Every integer in the form $(6m + 1)(12m + 1)(18m + 1)$, is a carmichael number.

Question

Question: Show that every integer of the form $(6m + 1)(12m + 1)(18m + 1)$, where m is a positive integer such that $6m + 1$, $12m + 1$, and $18m + 1$ are all primes, is a Carmichael Number

I know that $(6m + 1)(12m + 1)(18m + 1)$ is probably the most widely known form of Carmichael numbers but I'm not entirely sure how to go about proving it for every integer of the form. I was going to write out the proof with the assumption m is prime but going back to reread the question, it seems that m is just a positive integer with no mention of it being prime.

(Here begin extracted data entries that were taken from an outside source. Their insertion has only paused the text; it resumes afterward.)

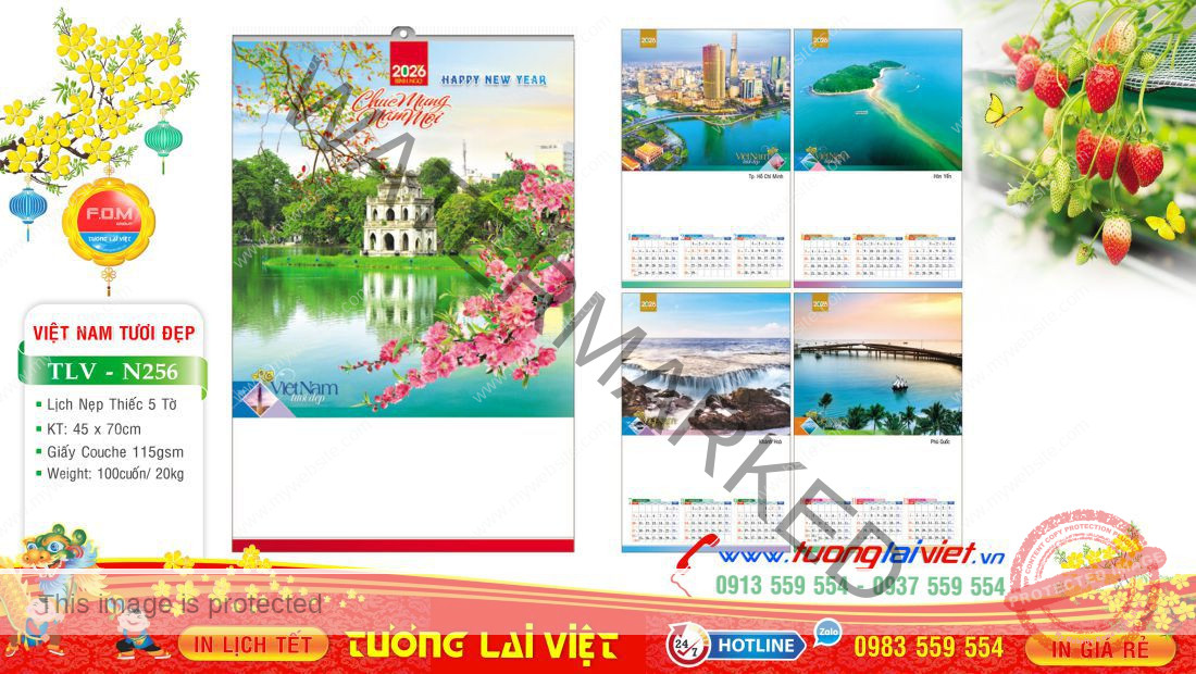 Lịch 5 tờ nẹp thiếc thường được in Offset 1 mặt trên giấy C105gsm, có kích thước: 36×70 và 45x70cm. Lịch 5 tờ Thắng cảnh là mẫu lịch tờ treo tường giá rẻ nên được nhiều cửa hàng nhỏ lẻ chọn in lịch tết năm nay để làm quà tặng cuối năm cho khách hàng, bạn bè, đối tác và người thân nhân dịp năm mới.
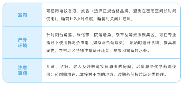 必要时科学用药剂,可使用电蚊香液、蚊香(选择正规合格品牌,避免在密闭空间长时间使用),睡前1~2小时点燃,睡觉时关闭并通风。室外阳台角落、绿化带、院落墙角、杂草丛等蚊虫聚集区,可在专业指导下使用低毒杀虫剂(如拟除虫菊酯类),喷洒时避开食物、餐具和宠物,农村地区特别注意避开蔬菜、瓜果和禽畜饮水处。
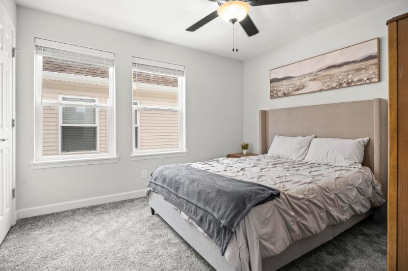 Exceptional Comfort Upstairs, unwind in a serene suite with a queensize bed and an elegantly designed shared bathroom space.
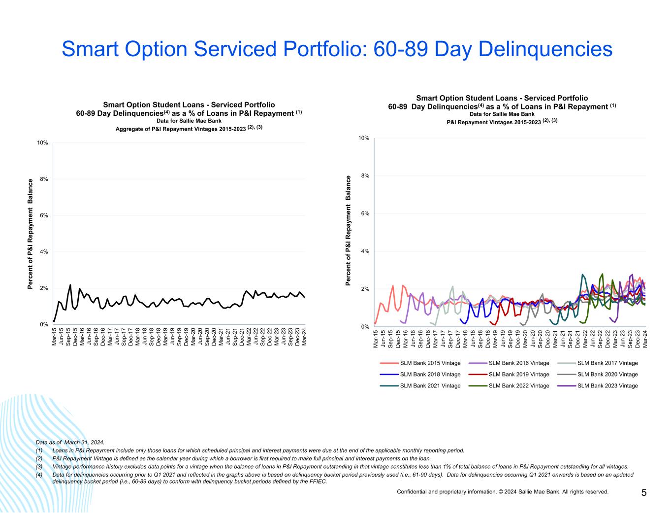 Confidential and proprietary information. © 2024 Sallie Mae Bank. All rights reserved. 4 Smart Option Serviced Portfolio: 30-59 Day Delinquencies 0% 2% 4% 6% 8% 10% M ar -1 5 Ju n- 15 Se p- 15 D ec -1 5 M ar -1 6 Ju n- 16 Se p- 16 D ec -1 6 M ar -1 7 Ju n- 17 Se p- 17 D ec -1 7 M ar -1 8 Ju n- 18 Se p- 18 D ec -1 8 M ar -1 9 Ju n- 19 Se p- 19 D ec -1 9 M ar -2 0 Ju n- 20 Se p- 20 D ec -2 0 M ar -2 1 Ju n- 21 Se p- 21 D ec -2 1 M ar -2 2 Ju n- 22 Se p- 22 D ec -2 2 M ar -2 3 Ju n- 23 Se p- 23 D ec -2 3 M ar -2 4 Pe rc en t o f P & I R ep ay m en t B al an ce Smart Option Student Loans - Serviced Portfolio 30-59 Day Delinquencies(4) as a % of Loans in P&I Repayment (1) Data for Sallie Mae Bank Aggregate of P&I Repayment Vintages 2015-2023 (2), (3) Data as of March 31, 2024. (1) Loans in P&I Repayment include only those loans for which scheduled principal and interest payments were due at the end of the applicable monthly reporting period. (2) P&I Repayment Vintage is defined as the calendar year during which a borrower is first required to make full principal and interest payments on the loan. (3) Vintage performance history excludes data points for a vintage when the balance of loans in P&I Repayment outstanding in that vintage constitutes less than 1% of total balance of loans in P&I Repayment outstanding for all vintages. (4) Data for delinquencies occurring prior to Q1 2021 and reflected in the graphs above is based on delinquency bucket period previously used (i.e., 31-60 days). Data for delinquencies occurring Q1 2021 onwards is based on an updated delinquency bucket period (i.e., 30-59 days) to conform with delinquency bucket periods defined by the FFIEC. 0% 2% 4% 6% 8% 10% M ar -1 5 Ju n- 15 Se p- 15 D ec -1 5 M ar -1 6 Ju n- 16 Se p- 16 D ec -1 6 M ar -1 7 Ju n- 17 Se p- 17 D ec -1 7 M ar -1 8 Ju n- 18 Se p- 18 D ec -1 8 M ar -1 9 Ju n- 19 Se p- 19 D ec -1 9 M ar -2 0 Ju n- 20 Se p- 20 D ec -2 0 M ar -2 1 Ju n- 21 Se p- 21 D ec -2 1 M ar -2 2 Ju n- 22 Se p- 22 D ec -2 2 M ar -2 3 Ju n- 23 Se p- 23 D ec -2 3 M ar -2 4 Pe rc en t o f P & I R ep ay m en t B al an ce Smart Option Student Loans - Serviced Portfolio 30-59 Day Delinquencies(4) as a % of Loans in P&I Repayment (1) Data for Sallie Mae Bank P&I Repayment Vintages 2015-2023 (2), (3) SLM Bank 2015 Vintage SLM Bank 2016 Vintage SLM Bank 2017 Vintage SLM Bank 2018 Vintage SLM Bank 2019 Vintage SLM Bank 2020 Vintage SLM Bank 2021 Vintage SLM Bank 2022 Vintage SLM Bank 2023 Vintage

Would I factor out the m and write it out from there? Or is there a theorem that I'm missing out on?

Answer 1

Korselt's criterion says that $n$ is a Carmichael number if and only if $n$ is squarefree, and for every prime $p|n$, we also have $(p-1)|(n-1)$.

For the sample integer, $n=pqr$, where $p=6m+1, q=12m+1, r=18m+1$ are all prime by hypothesis. $n$ is squarefree, being the product of three distinct primes. We calculate and simplify $$n-1=36m(36m^2+11m+1)$$ Hence, each of $p-1, q-1, r-1$ divide $n-1$.